> [Exercise requirements] Return the run of lines below that opens with the line containing "刷到RNG官推的时候,我愣了三秒。 就四个字:RNG out … 配图更狠。一个" and closes with the line containing "<B>1925 $1 MS63", keeping each one exact.

> [Data shown]
____

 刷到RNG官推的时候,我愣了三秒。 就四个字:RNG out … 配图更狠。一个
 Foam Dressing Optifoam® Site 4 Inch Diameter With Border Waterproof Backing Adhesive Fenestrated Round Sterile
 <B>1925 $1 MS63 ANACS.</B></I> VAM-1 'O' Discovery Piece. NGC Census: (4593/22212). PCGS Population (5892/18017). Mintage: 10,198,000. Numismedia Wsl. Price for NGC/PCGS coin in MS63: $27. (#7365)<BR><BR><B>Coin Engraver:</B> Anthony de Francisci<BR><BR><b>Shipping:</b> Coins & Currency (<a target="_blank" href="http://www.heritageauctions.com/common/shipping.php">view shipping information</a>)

____

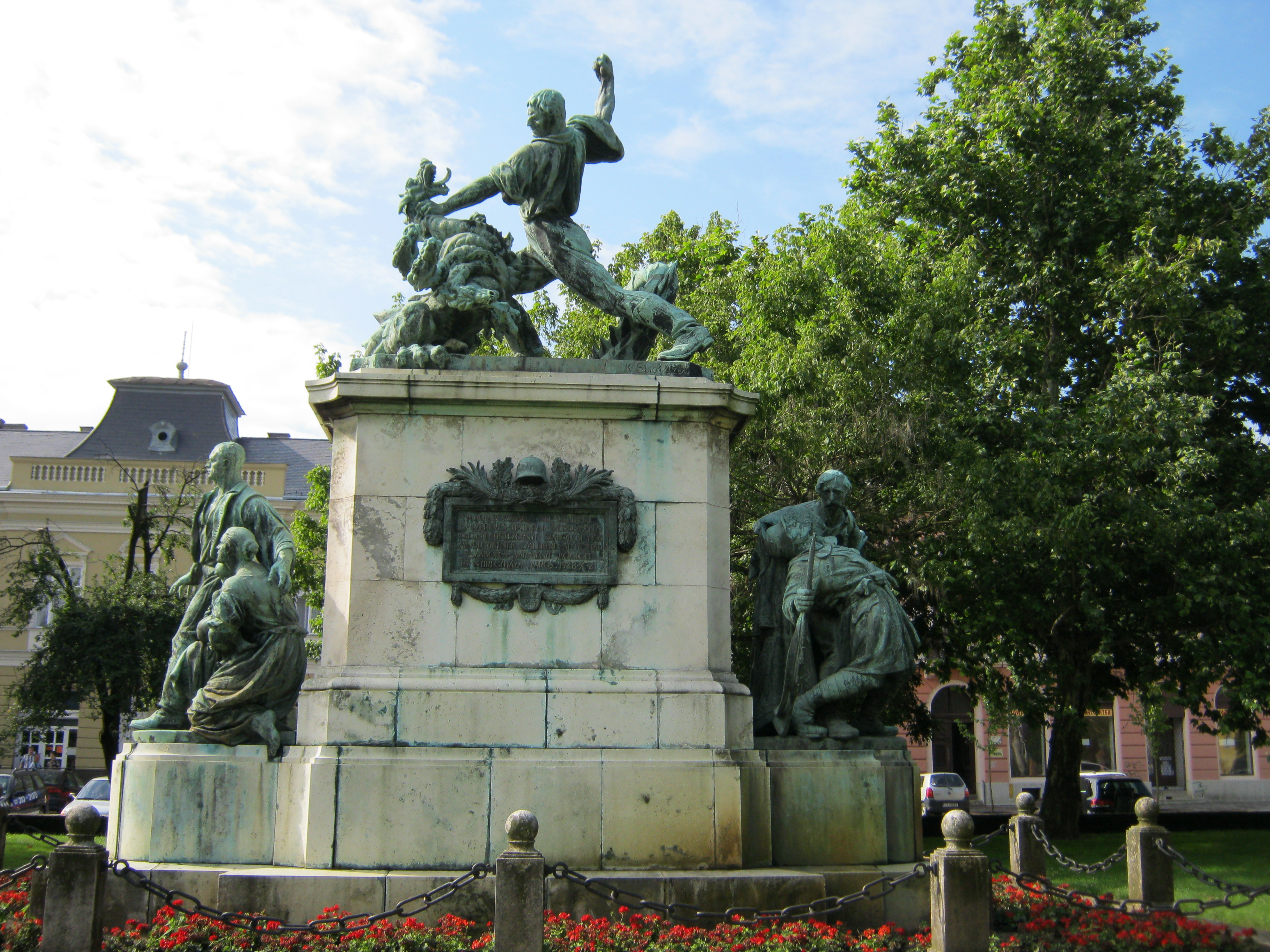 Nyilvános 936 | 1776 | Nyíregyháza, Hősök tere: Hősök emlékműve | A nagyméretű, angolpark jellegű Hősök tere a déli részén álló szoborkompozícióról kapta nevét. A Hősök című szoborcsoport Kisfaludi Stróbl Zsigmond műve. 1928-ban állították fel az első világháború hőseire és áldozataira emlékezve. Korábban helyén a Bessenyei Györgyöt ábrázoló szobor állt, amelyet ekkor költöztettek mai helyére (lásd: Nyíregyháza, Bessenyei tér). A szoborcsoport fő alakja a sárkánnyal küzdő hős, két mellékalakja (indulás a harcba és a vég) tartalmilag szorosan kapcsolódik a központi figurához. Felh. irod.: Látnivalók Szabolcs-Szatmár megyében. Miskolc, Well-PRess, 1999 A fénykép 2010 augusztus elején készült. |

____

> [Output of the exercise]
 刷到RNG官推的时候,我愣了三秒。 就四个字:RNG out … 配图更狠。一个
 Foam Dressing Optifoam® Site 4 Inch Diameter With Border Waterproof Backing Adhesive Fenestrated Round Sterile
 <B>1925 $1 MS63 ANACS.</B></I> VAM-1 'O' Discovery Piece. NGC Census: (4593/22212). PCGS Population (5892/18017). Mintage: 10,198,000. Numismedia Wsl. Price for NGC/PCGS coin in MS63: $27. (#7365)<BR><BR><B>Coin Engraver:</B> Anthony de Francisci<BR><BR><b>Shipping:</b> Coins & Currency (<a target="_blank" href="http://www.heritageauctions.com/common/shipping.php">view shipping information</a>)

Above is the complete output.